Common Misconceptions

  • "MoA is just majority voting." Majority voting (self-consistency) selects the most common answer from multiple samples. MoA has models actively reading and synthesizing each other's outputs, producing genuinely new responses that combine the best elements -- fundamentally different from selection.
  • "You need frontier models for MoA to work." The most striking MoA result is that ensembles of open-weight models outperform frontier models. The technique is specifically designed to leverage weaker models collaboratively.
  • "More models always helps." Diminishing returns set in quickly. The improvement from 3 to 6 proposers is much smaller than from 1 to 3, and beyond 6 the cost usually outweighs the quality gain.
  • "MoA is too expensive for production." While full MoA is expensive, lightweight variants (2 proposers + 1 aggregator in a single layer) provide meaningful quality improvements at only 3x cost, which may be justified for high-value applications.

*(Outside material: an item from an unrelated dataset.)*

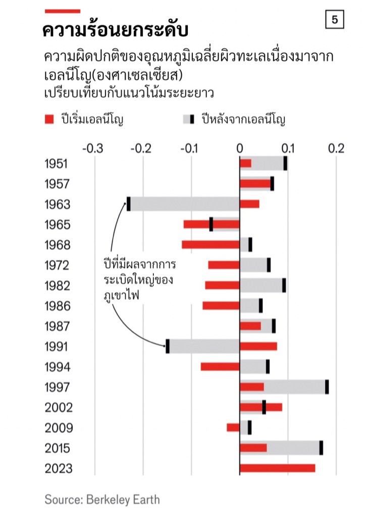 หากเอลนีโญในปี 2566 เป็นปัจจัยสําคัญต่ออุณหภูมิอากาศและผิวทะเล ปี 2567 อาจจะรุนแรงยิ่งขึ้นไปอีก นับตั้งแต่ปี 2494 อุณหภูมิอากาศร้อนขึ้นอย่างมากในปีหลังจากที่มีเอลนีโญ (ดูแผนภูมิ 5) (ยกเว้นในปี ค.ศ.1963 และ 1991 ที่เกิดการปะทุครั้งใหญ่ของภูเขาไฟทําให้อุณหภูมิลดลงเนื่องจากเขม่าและอนุภาค)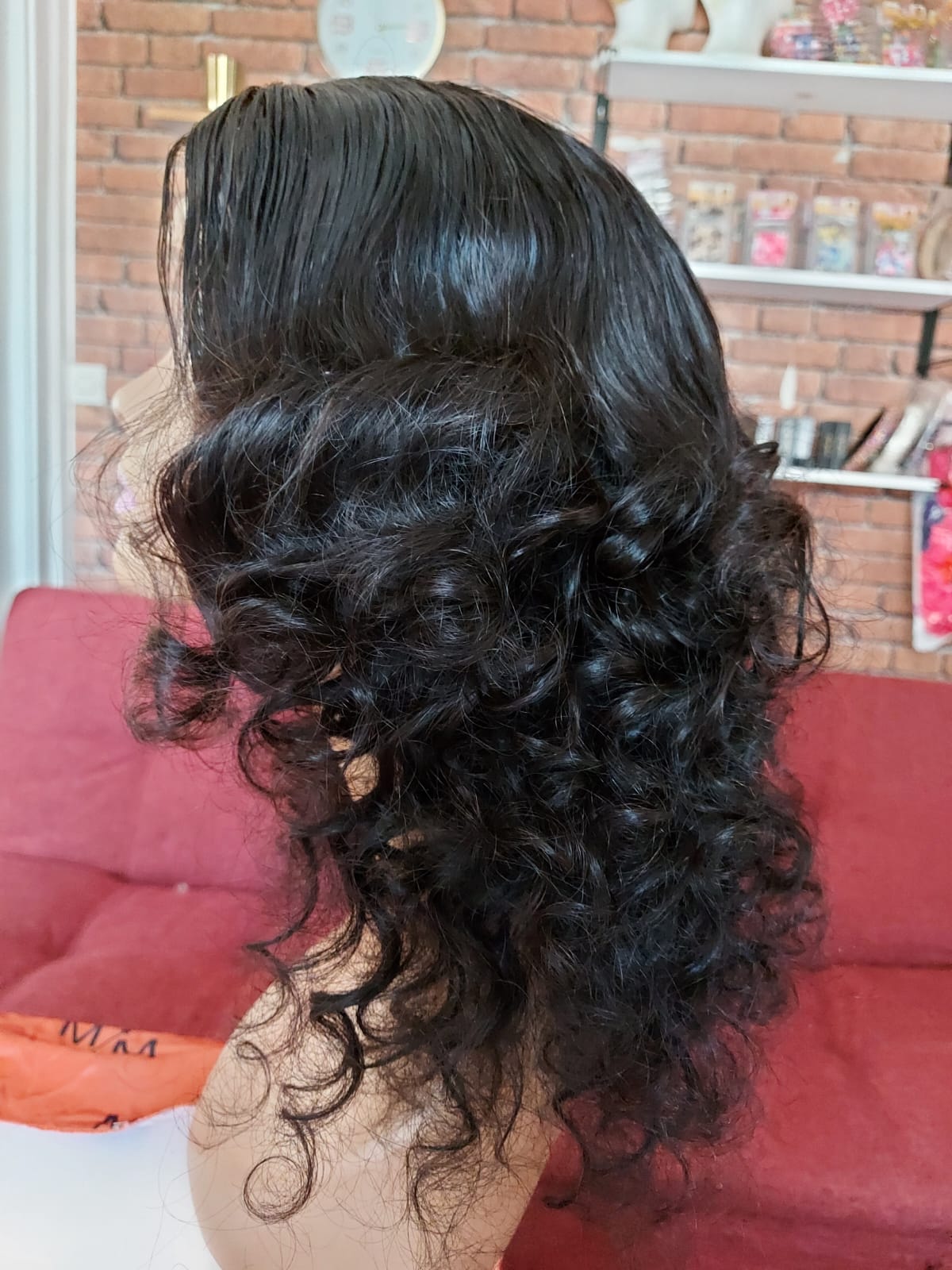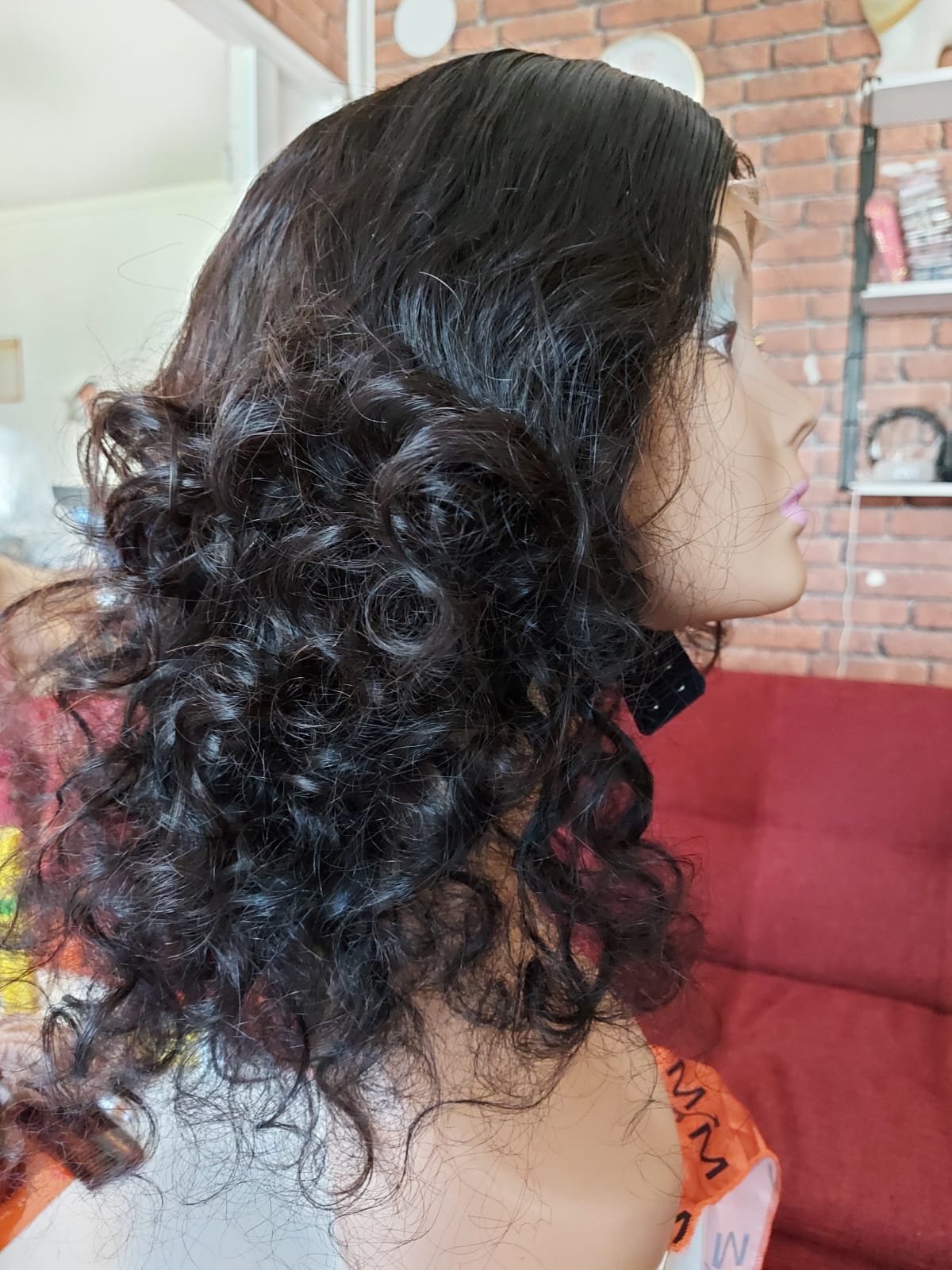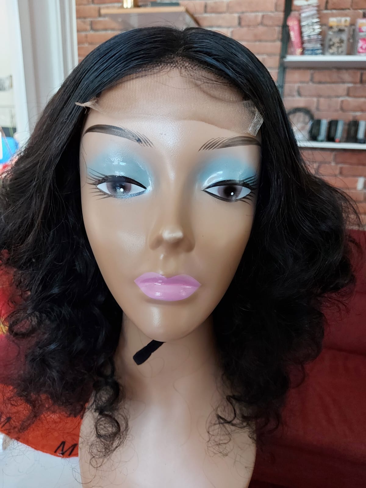 Perruque brésilien, loose wave, 16pouces, avec closure, couleur naturel. La perruque contient 2 pinces à l'intérieur et une bande élastique réglable pour la sécuriser sur la tête!

Connections to Other Concepts

  • multi-agent-systems.md: MoA is a structured form of multi-agent collaboration where agents operate in defined roles and layers (see multi-agent-systems.md).
  • llm-as-judge.md: The aggregator role in MoA is closely related to LLM-as-judge, where one model evaluates and synthesizes outputs from others (see llm-as-judge.md in Evaluation).
  • self-consistency.md: MoA generalizes the self-consistency approach (sampling multiple answers and aggregating) by using diverse models and active synthesis rather than passive voting (see sampling-strategies.md in Inference & Deployment).
  • compound-ai-systems.md: MoA is a compound system where the "components" are different LLMs arranged in a specific topology (see compound-ai-systems.md).
  • model-routing.md: While model routing selects a single model per query, MoA uses multiple models per query. These approaches can be combined: route easy queries to a single model, use MoA for hard queries (see model-routing.md in Inference & Deployment).
  • inference-time-scaling-laws.md: MoA is an inference-time scaling strategy -- spending more compute at inference to improve quality (see inference-time-scaling-laws.md).

Further Reading

  • "Mixture-of-Agents Enhances Large Language Model Capabilities" (Wang et al., Together AI, 2024) -- The original MoA paper demonstrating that layered LLM collaboration outperforms individual frontier models on major benchmarks.
  • "More Agents Is All You Need" (Li et al., 2024) -- Shows that simply scaling the number of LLM agents (via sampling and majority voting) improves performance, providing theoretical grounding for multi-agent inference approaches.
  • "LLM-Blender: Ensembling Large Language Models with Pairwise Ranking and Generative Fusion" (Jiang et al., 2023) -- An earlier approach to combining outputs from multiple LLMs using learned ranking and fusion, predating MoA but exploring similar ideas.